Basketball Disasters Read online

Page 6


  With twelve seconds left, the score was still tied: 20–20. The Y didn’t allow fourth-grade games to go into overtime, so if no one scored in the next twelve seconds, the game would be recorded as a tie.

  The ball went out of bounds. Brody took the ball for the in-bounds pass. From the bench, Mason saw him scan the court, looking for an open player.

  The only person open was Dylan. The other team seemed to have given up on guarding him, apparently viewing him as a random kid in a yellow T-shirt who had wandered aimlessly out onto the court but wasn’t really part of the game.

  Brody passed to Dylan.

  The ball bounced off Dylan’s chest. He grabbed it and made the worst shot in the history of basketball. The ball went straight up, two pathetic feet, nowhere near the basket, proving that there was no need for a green-shirted player to waste any time guarding Dylan.

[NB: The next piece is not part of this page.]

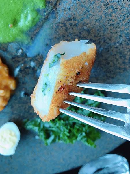 鬆軟好吃有點Q彈 搭配的是奶油蟹肉沾醬

  Julio was on the ball in a flash, hurling it toward another kid who was in position to score.

  Fwee! The ref blew his whistle to signal the end of the game. The Fighting Bulldogs had lost 22–20.

  Because of Dylan.

  No. Because of Brody.

  9

  “Terrific game, team!” Coach Dad said, after the team handshake, during which Mason was once again able to avoid any actual finger-to-finger contact with the other players.

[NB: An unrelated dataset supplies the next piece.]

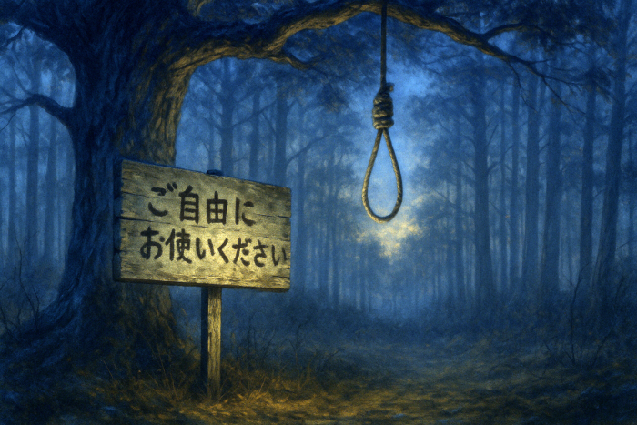 次は、通勤途中の街路樹だった。信号待ちの間、ふと見上げた枝に、ロープの輪のような影が見えた。瞬きすると消えた。

  Terrific game? Had his father failed to notice that the Fighting Bulldogs had lost?

  “What a difference from last week!” Coach Dad went on.

  Mason had to admit that having players who knew how to play had been a definite improvement.

  As if reading Mason’s thoughts, his dad said, “It was great having a full roster, wasn’t it? But you original Bulldogs have also improved by leaps and bounds.”

  Except for Dylan, who couldn’t have made a leap or a bound if his life depended on it.

  How could Brody have passed to Dylan?

  Mason stalked past Brody and his family on the way out to the parking lot. He was so mad that it was better to avoid Brody altogether than to say anything right now.

  But Brody caught up with him. “I made us lose,” Brody said in a small voice.

  Correct!

  Mason’s dad laid a hand on Brody’s slumped shoulder. “I told you all to pass to someone who was open. Dylan was the only one open. Nobody else passed to Dylan for the entire time he was in the game. So you did a kind thing, Brody, to make Dylan feel like he’s truly part of our team.”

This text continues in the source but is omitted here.